Work instructions: Return the data below exactly, please, but drop the pictures.
————————
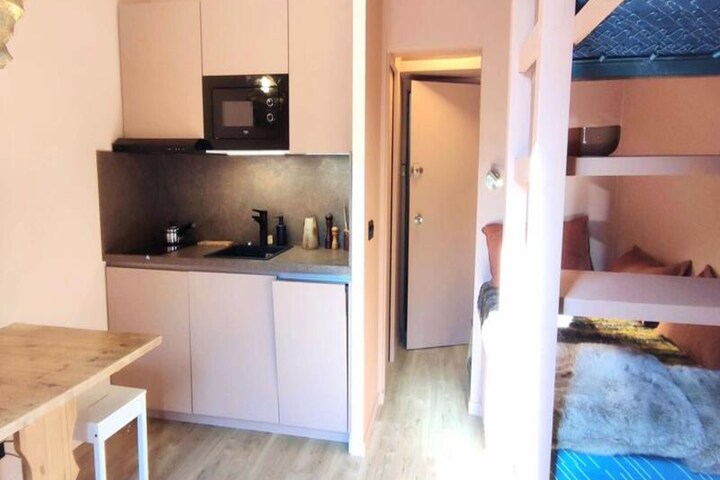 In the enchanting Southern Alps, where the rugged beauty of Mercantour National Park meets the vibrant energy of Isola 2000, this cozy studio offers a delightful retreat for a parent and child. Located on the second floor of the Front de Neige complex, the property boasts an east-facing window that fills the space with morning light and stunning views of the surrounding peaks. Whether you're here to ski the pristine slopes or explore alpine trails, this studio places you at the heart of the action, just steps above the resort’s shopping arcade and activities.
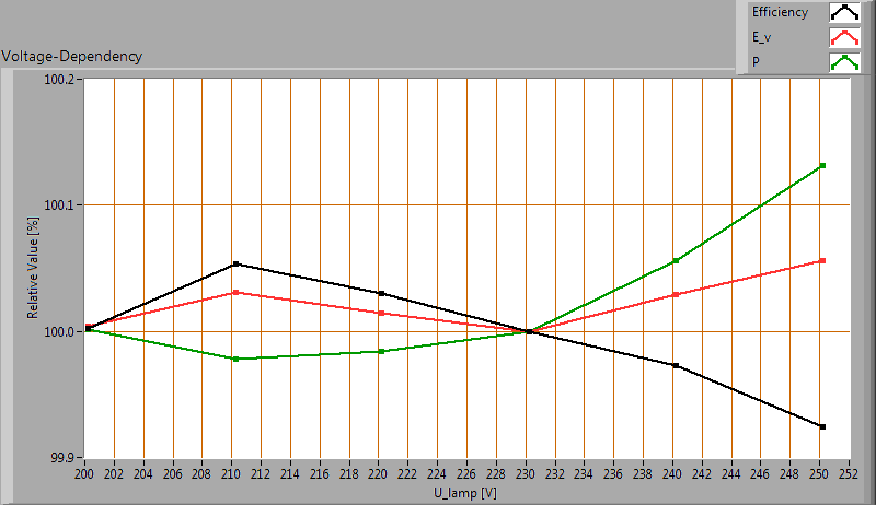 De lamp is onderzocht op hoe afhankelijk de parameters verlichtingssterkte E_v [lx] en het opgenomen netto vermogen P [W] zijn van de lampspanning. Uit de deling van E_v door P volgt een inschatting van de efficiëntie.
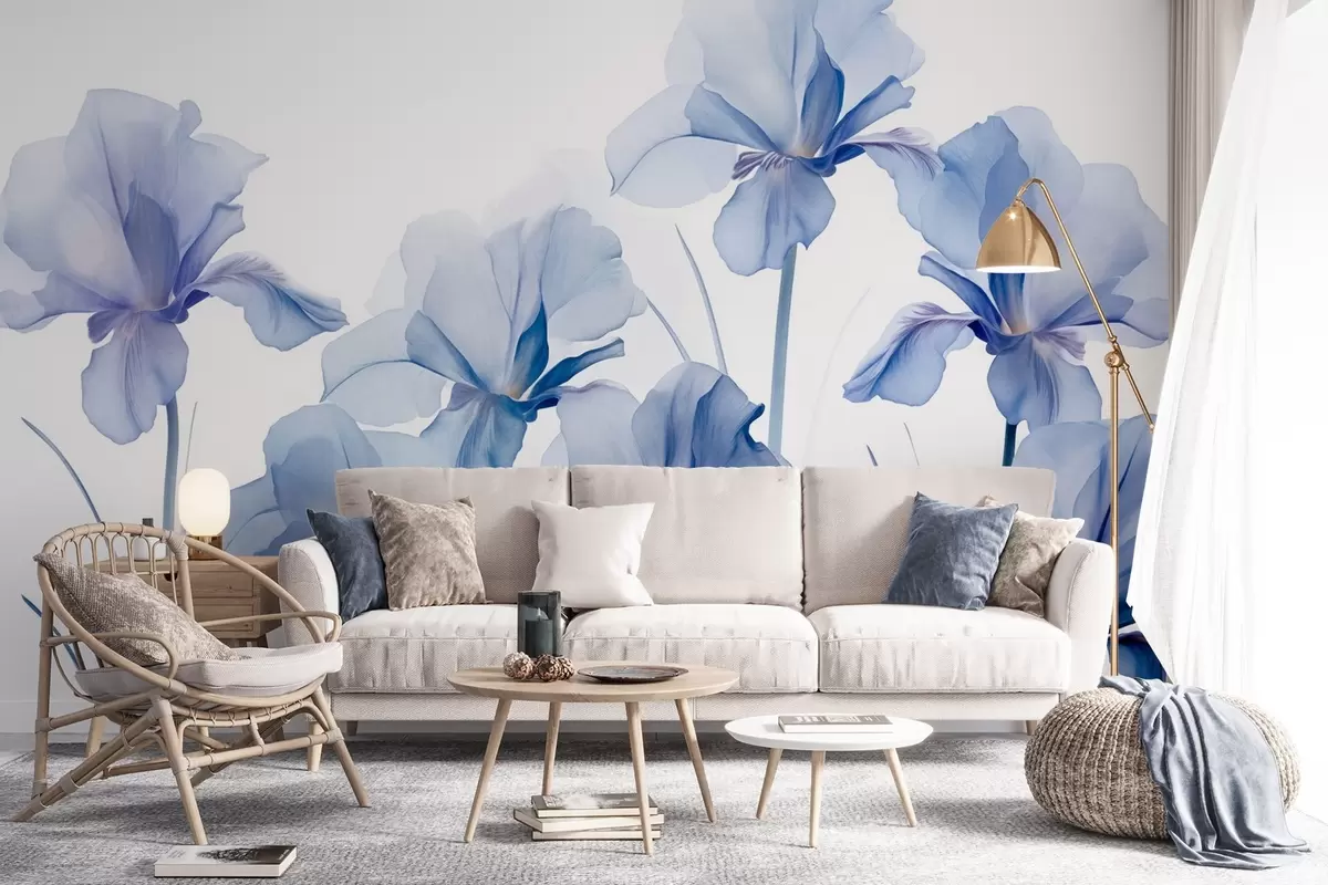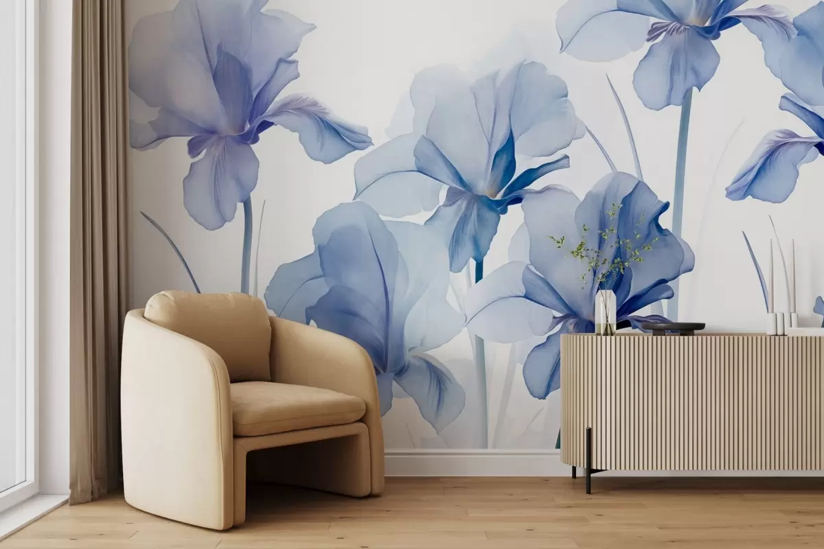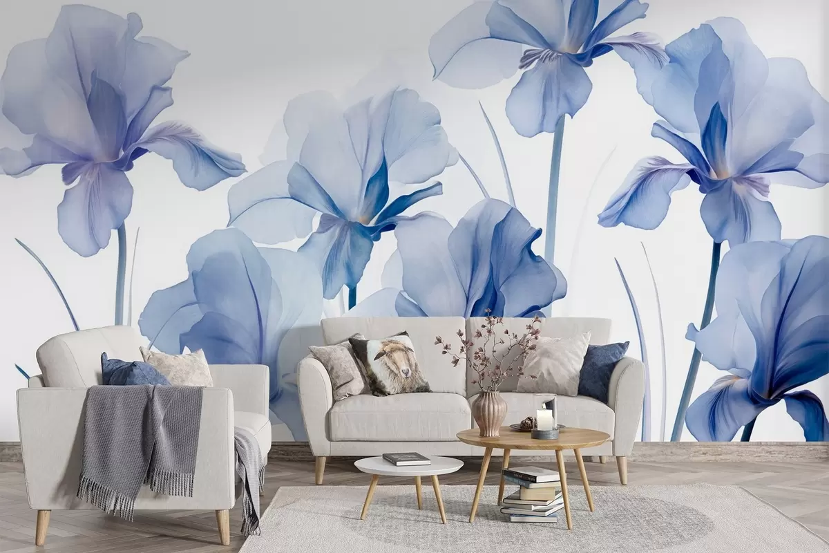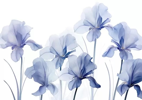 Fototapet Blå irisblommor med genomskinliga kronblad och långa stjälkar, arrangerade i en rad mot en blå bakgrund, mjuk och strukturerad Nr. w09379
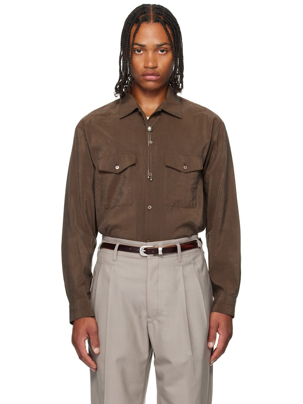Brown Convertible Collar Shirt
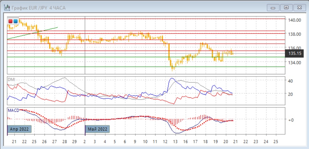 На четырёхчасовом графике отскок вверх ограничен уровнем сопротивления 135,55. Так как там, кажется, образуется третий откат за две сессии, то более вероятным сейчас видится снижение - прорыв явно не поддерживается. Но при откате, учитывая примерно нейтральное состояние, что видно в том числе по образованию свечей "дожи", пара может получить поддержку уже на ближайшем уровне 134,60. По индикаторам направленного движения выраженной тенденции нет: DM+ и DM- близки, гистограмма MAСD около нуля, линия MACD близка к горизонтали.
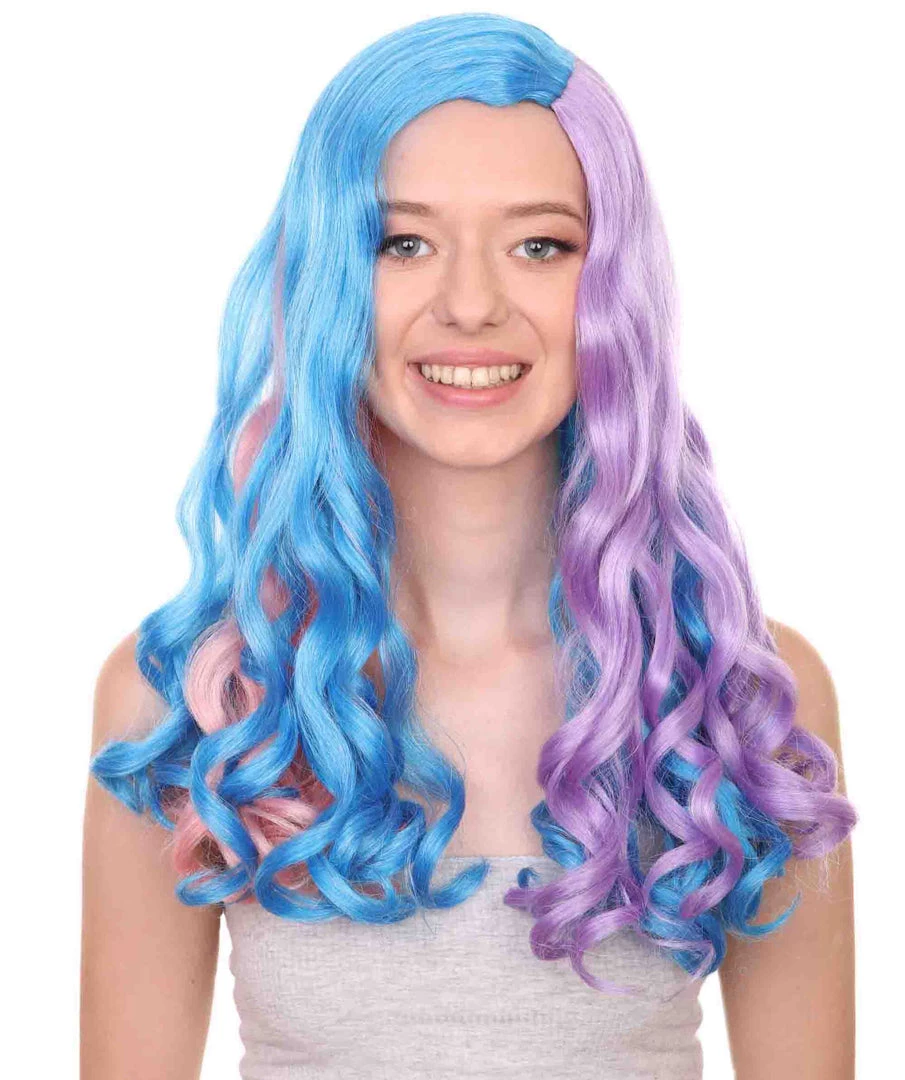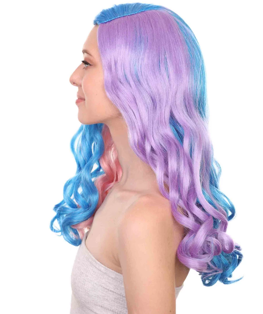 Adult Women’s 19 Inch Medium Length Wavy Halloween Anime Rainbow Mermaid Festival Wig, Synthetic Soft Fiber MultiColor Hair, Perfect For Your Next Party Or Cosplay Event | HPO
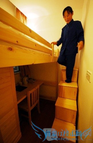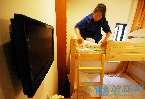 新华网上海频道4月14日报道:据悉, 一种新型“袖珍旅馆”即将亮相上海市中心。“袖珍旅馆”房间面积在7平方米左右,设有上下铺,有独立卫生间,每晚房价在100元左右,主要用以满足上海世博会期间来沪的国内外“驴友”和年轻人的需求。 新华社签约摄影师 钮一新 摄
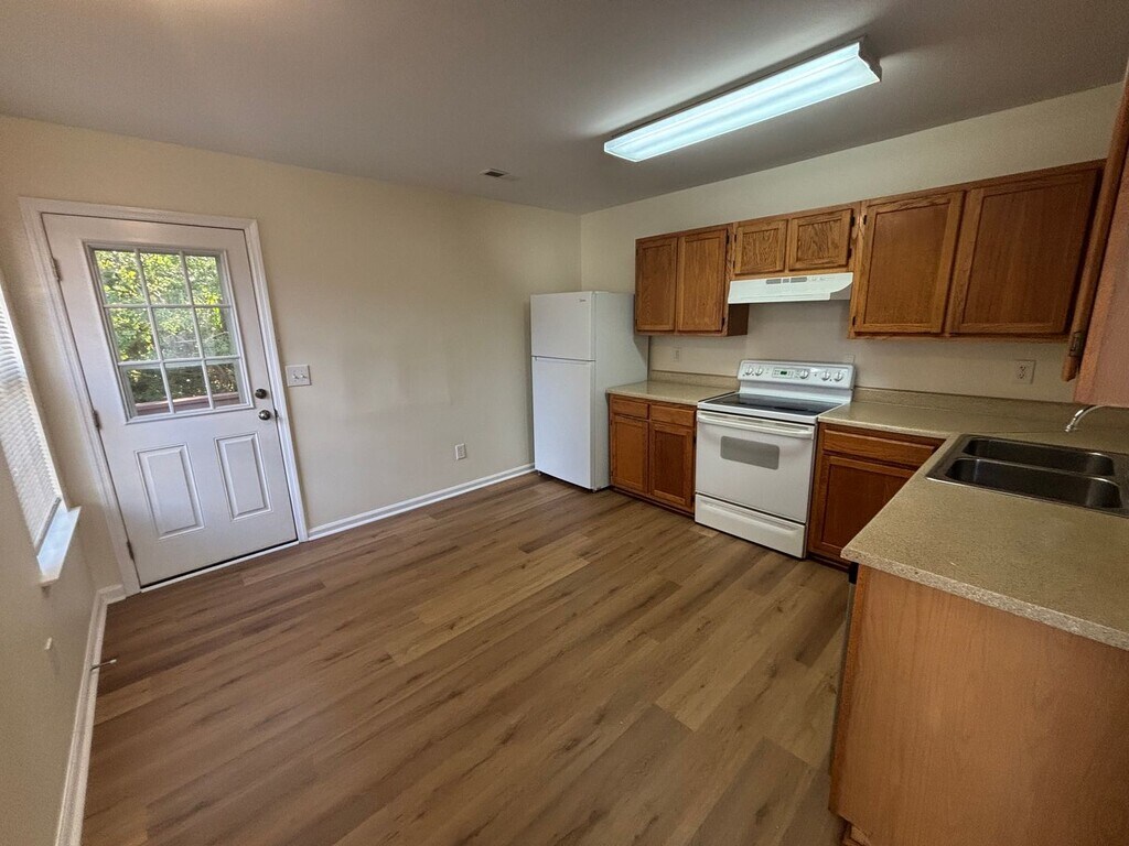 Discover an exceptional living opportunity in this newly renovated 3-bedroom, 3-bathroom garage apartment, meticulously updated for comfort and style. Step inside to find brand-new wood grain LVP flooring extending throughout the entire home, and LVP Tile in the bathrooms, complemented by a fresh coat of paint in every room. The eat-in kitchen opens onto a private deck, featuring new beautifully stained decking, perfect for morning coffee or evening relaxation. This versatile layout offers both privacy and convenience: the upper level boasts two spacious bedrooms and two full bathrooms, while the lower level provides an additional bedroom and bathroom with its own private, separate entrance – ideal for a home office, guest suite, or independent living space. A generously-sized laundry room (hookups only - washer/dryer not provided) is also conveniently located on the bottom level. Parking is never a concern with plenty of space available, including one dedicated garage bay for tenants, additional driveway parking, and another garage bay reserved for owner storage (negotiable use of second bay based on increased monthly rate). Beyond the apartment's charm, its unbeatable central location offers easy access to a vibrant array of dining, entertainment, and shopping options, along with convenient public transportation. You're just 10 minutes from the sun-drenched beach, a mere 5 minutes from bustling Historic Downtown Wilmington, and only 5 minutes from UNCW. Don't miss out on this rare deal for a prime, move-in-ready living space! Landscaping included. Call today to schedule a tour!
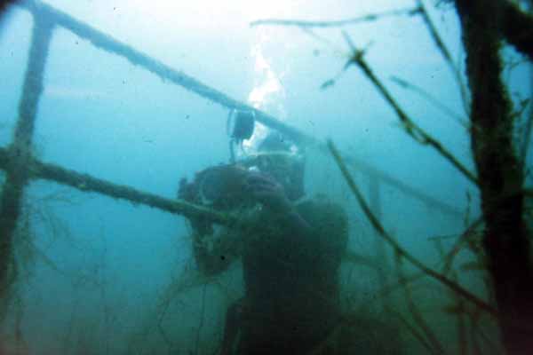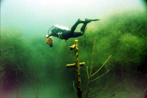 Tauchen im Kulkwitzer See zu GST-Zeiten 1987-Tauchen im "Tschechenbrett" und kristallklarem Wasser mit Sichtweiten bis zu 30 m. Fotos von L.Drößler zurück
————————
Your solution:
 In the enchanting Southern Alps, where the rugged beauty of Mercantour National Park meets the vibrant energy of Isola 2000, this cozy studio offers a delightful retreat for a parent and child. Located on the second floor of the Front de Neige complex, the property boasts an east-facing window that fills the space with morning light and stunning views of the surrounding peaks. Whether you're here to ski the pristine slopes or explore alpine trails, this studio places you at the heart of the action, just steps above the resort’s shopping arcade and activities.
 De lamp is onderzocht op hoe afhankelijk de parameters verlichtingssterkte E_v [lx] en het opgenomen netto vermogen P [W] zijn van de lampspanning. Uit de deling van E_v door P volgt een inschatting van de efficiëntie.
 Fototapet Blå irisblommor med genomskinliga kronblad och långa stjälkar, arrangerade i en rad mot en blå bakgrund, mjuk och strukturerad Nr. w09379
Brown Convertible Collar Shirt
 На четырёхчасовом графике отскок вверх ограничен уровнем сопротивления 135,55. Так как там, кажется, образуется третий откат за две сессии, то более вероятным сейчас видится снижение - прорыв явно не поддерживается. Но при откате, учитывая примерно нейтральное состояние, что видно в том числе по образованию свечей "дожи", пара может получить поддержку уже на ближайшем уровне 134,60. По индикаторам направленного движения выраженной тенденции нет: DM+ и DM- близки, гистограмма MAСD около нуля, линия MACD близка к горизонтали.
 Adult Women’s 19 Inch Medium Length Wavy Halloween Anime Rainbow Mermaid Festival Wig, Synthetic Soft Fiber MultiColor Hair, Perfect For Your Next Party Or Cosplay Event | HPO
 新华网上海频道4月14日报道:据悉, 一种新型“袖珍旅馆”即将亮相上海市中心。“袖珍旅馆”房间面积在7平方米左右,设有上下铺,有独立卫生间,每晚房价在100元左右,主要用以满足上海世博会期间来沪的国内外“驴友”和年轻人的需求。 新华社签约摄影师 钮一新 摄
 Discover an exceptional living opportunity in this newly renovated 3-bedroom, 3-bathroom garage apartment, meticulously updated for comfort and style. Step inside to find brand-new wood grain LVP flooring extending throughout the entire home, and LVP Tile in the bathrooms, complemented by a fresh coat of paint in every room. The eat-in kitchen opens onto a private deck, featuring new beautifully stained decking, perfect for morning coffee or evening relaxation. This versatile layout offers both privacy and convenience: the upper level boasts two spacious bedrooms and two full bathrooms, while the lower level provides an additional bedroom and bathroom with its own private, separate entrance – ideal for a home office, guest suite, or independent living space. A generously-sized laundry room (hookups only - washer/dryer not provided) is also conveniently located on the bottom level. Parking is never a concern with plenty of space available, including one dedicated garage bay for tenants, additional driveway parking, and another garage bay reserved for owner storage (negotiable use of second bay based on increased monthly rate). Beyond the apartment's charm, its unbeatable central location offers easy access to a vibrant array of dining, entertainment, and shopping options, along with convenient public transportation. You're just 10 minutes from the sun-drenched beach, a mere 5 minutes from bustling Historic Downtown Wilmington, and only 5 minutes from UNCW. Don't miss out on this rare deal for a prime, move-in-ready living space! Landscaping included. Call today to schedule a tour!
 Tauchen im Kulkwitzer See zu GST-Zeiten 1987-Tauchen im "Tschechenbrett" und kristallklarem Wasser mit Sichtweiten bis zu 30 m. Fotos von L.Drößler zurück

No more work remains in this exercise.